* TO DO *
Exclude the images, then return every line below exactly as written.

* SUPPLIED DATA *
---
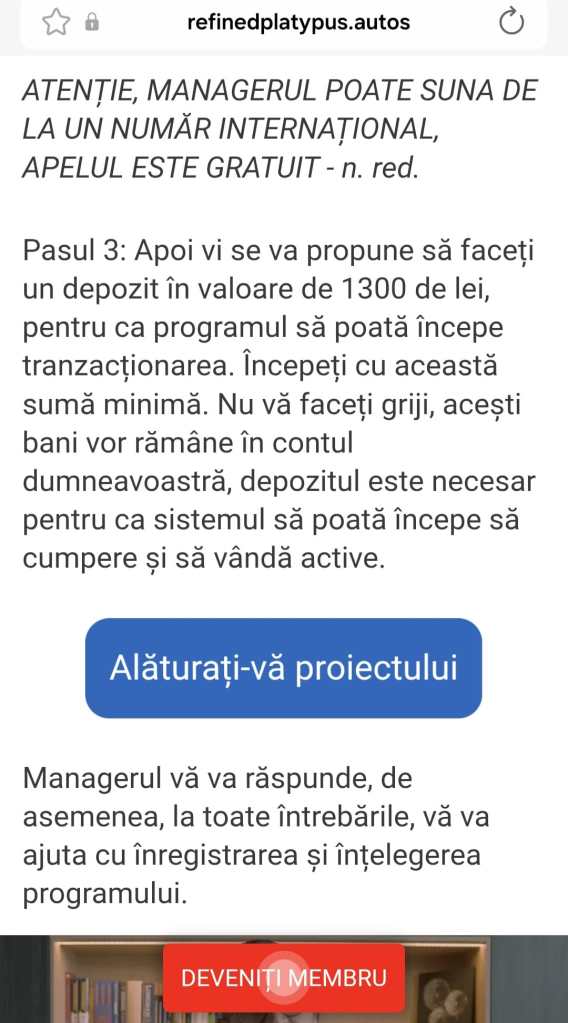 „Dacă citiți așa-zisul interviu veți ajunge la un moment în care vi se va explica faptul că dacă vreți să vă alăturați proiectului trebuie să vă completați datele personale și este posibil să fiți sunat de unul dintre managerii proiectului, care vă va cere să depuneți o sumă de 1.300 de lei. (…) Practic, oferiți toate datele de care au nevoie pentru a vă contacta și a vă furniza un cont pentru a vira suma pentru așa-zisa pensie uriașă, sumă care va intra în conturile lor”, a mai explicat reprezentantul MAI.
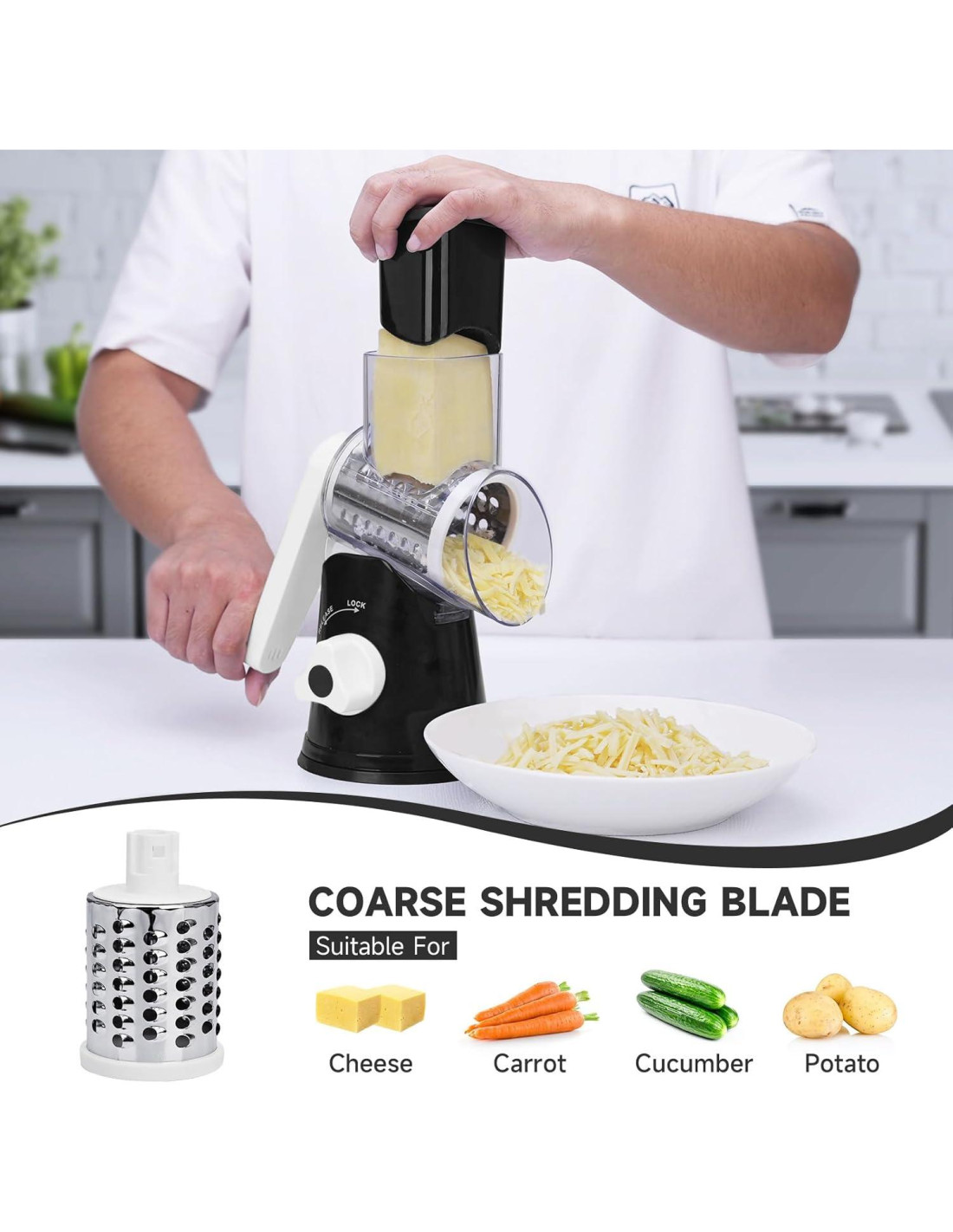 - [Compañero de Cocina Versátil] Simplifica tu preparación con nuestro versátil Rallador de Queso. Con 3 cuchillas intercambiables, conquista queso, verduras, nueces y más. No solo ahorra espacio valioso en la encimera, sino que también simplifica tu trabajo de preparación, haciendo que la hora de la comida sea un placer.
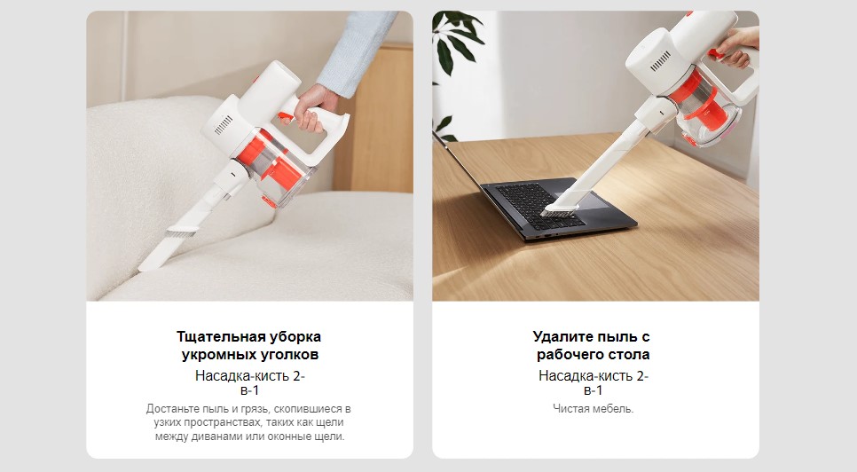 Особенности | до 40 минут автономно работы, насадка 2-в-1 позволяется произвести уборку в узких местах |
---
* EXERCISE OUTPUT *
 „Dacă citiți așa-zisul interviu veți ajunge la un moment în care vi se va explica faptul că dacă vreți să vă alăturați proiectului trebuie să vă completați datele personale și este posibil să fiți sunat de unul dintre managerii proiectului, care vă va cere să depuneți o sumă de 1.300 de lei. (…) Practic, oferiți toate datele de care au nevoie pentru a vă contacta și a vă furniza un cont pentru a vira suma pentru așa-zisa pensie uriașă, sumă care va intra în conturile lor”, a mai explicat reprezentantul MAI.
 - [Compañero de Cocina Versátil] Simplifica tu preparación con nuestro versátil Rallador de Queso. Con 3 cuchillas intercambiables, conquista queso, verduras, nueces y más. No solo ahorra espacio valioso en la encimera, sino que también simplifica tu trabajo de preparación, haciendo que la hora de la comida sea un placer.
 Особенности | до 40 минут автономно работы, насадка 2-в-1 позволяется произвести уборку в узких местах |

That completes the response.